Майя, ошеломлённая этим, не могла сдержать гнев. «Ну как так? Вы же так хорошо ладили, я думала, вы друзья. Я думала, что Виктор тебе предложит какую-то помощь, что хотя бы постарается найти для тебя что-то другое. А он просто сказал „спасибо"?» — её слова звучали с оттенком разочарования и негодования.

Арти посмотрел на неё с пустыми глазами, словно не видя её, и тихо сказал: «Я тоже так думал. Но нет. Мне просто пожали руку и сказали, что всё будет в порядке, что я справлюсь. И всё». Он глубоко вздохнул, потом продолжил. «На карту перевели деньги за половину месяца, который я отработал, и всё». И в этих словах было всё: отчаяние, бессилие, понимание того, что ему не осталось больше ничего.

«Так что теперь?» — спросила она, хотя сама прекрасно знала ответ. Он ничего не знал. Он не знал, что делать с этим, как действовать в такой ситуации, и эта неопределённость висела в воздухе, тягучая и болезненная.

Арти открыл рот, будто хотел что-то сказать, но потом снова закрыл его. Его взгляд был пустым, как глубокая тень. «Я записался на собеседования, но... ты же знаешь, с одной твоей зарплатой нам не хватит на всё. Я не знаю, как теперь...»

Майя почувствовала, как на неё накатывает волна паники. Она не могла предложить решение, она не могла найти слова, которые могли бы хоть как-то облегчить его состояние. Всё, что она могла сделать, это взять ручку. Ручку, которая всегда была под рукой, и начать сильно, незаметно нажимать ею на ладонь. Это был её способ справиться с болью, способом ощутить её, взять под контроль хоть что-то в этом разрушительном моменте. На ладони появилась капелька крови, и, хотя это не помогло решить проблему, это дало ей хоть немного облегчения.

Майя пыталась говорить. Она изо всех сил старалась найти нужные слова — те самые, которые всегда помогали Арти, когда он сомневался, когда терялся, когда мир казался ему слишком враждебным. Она говорила, что всё будет хорошо. Говорила, что они что-нибудь придумают. Что выход обязательно найдётся. Что, может, это даже к лучшему — ведь в городе полно работы, и он найдёт что-то получше. Она бросалась наугад в этот хаос, хваталась за любые обрывки идей, строила планы, хоть и не верила в них сама. Но всё это звучало пусто. Арти не реагировал. Он смотрел в одну точку, как будто её слов не существовало. И Майя понимала: на этот раз её голос ничего не меняет.
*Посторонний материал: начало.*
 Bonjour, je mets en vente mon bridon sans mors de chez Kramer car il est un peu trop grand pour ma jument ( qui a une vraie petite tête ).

Они стояли на краю. Впервые в жизни её слова не работали, её уверенность не передавалась ему, её вера не давала ему сил. Она не понимала, почему. Она делала всё, как всегда, но этого не хватало. И от этого становилось ещё страшнее. Всё это время она была его опорой, той, кто знал, как поступить, кто мог дать ответ на любой вопрос, кто, даже если не знала, что делать, находила способ не дать ему почувствовать это. Но сейчас он не слушал её. Сейчас даже она не знала, что сказать. И впервые ей стало по-настоящему страшно.
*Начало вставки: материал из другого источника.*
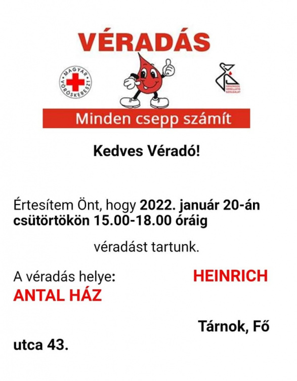 A véradás alkalmával számos ingyenes szűrővizsgálaton vehet részt: vércsoport megállapítás, vérnyomásmérés, rapid teszt (HIV, HEPA C). Aki nem adhat vért, de szeretne segíteni, kérje meg ismerőseit vagy kísérjen el egy új véradót.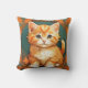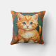 Kissen mit einer orangefarbenen Katze im Stil von Alphonse Mucha! Dieses hübsche Kätzchen mit grünen Augen ist von Herbstblättern gerahmt. Ein wunderbares Geschenk für Katzenliebhaber und Jugendstilsammler!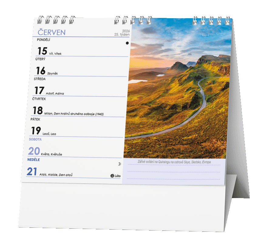 Ideální kalendář za ideální cenu s týdenním kalendáriem a v praktickém formátu s obrázky řek, hor a jezer.

Они долго сидели молча. Майя держала Арти за руку, сжимая крепко, но осторожно, словно боялась, что если отпустит, он провалится в какую-то бездонную пустоту. Слова ничего не меняли, не приносили облегчения, не давали надежды. Впервые она не могла найти правильных слов, потому что правильных слов просто не существовало.

Наконец, они легли по кроватям, но сон не приходил. Мысли били в голову, как разбившиеся насекомые о стекло — судорожно, беспорядочно, не находя выхода. Каждый звук в коридоре заставлял вздрагивать. Но в какой-то момент усталость всё-таки взяла своё, и они провалились в тяжёлый, тревожный сон.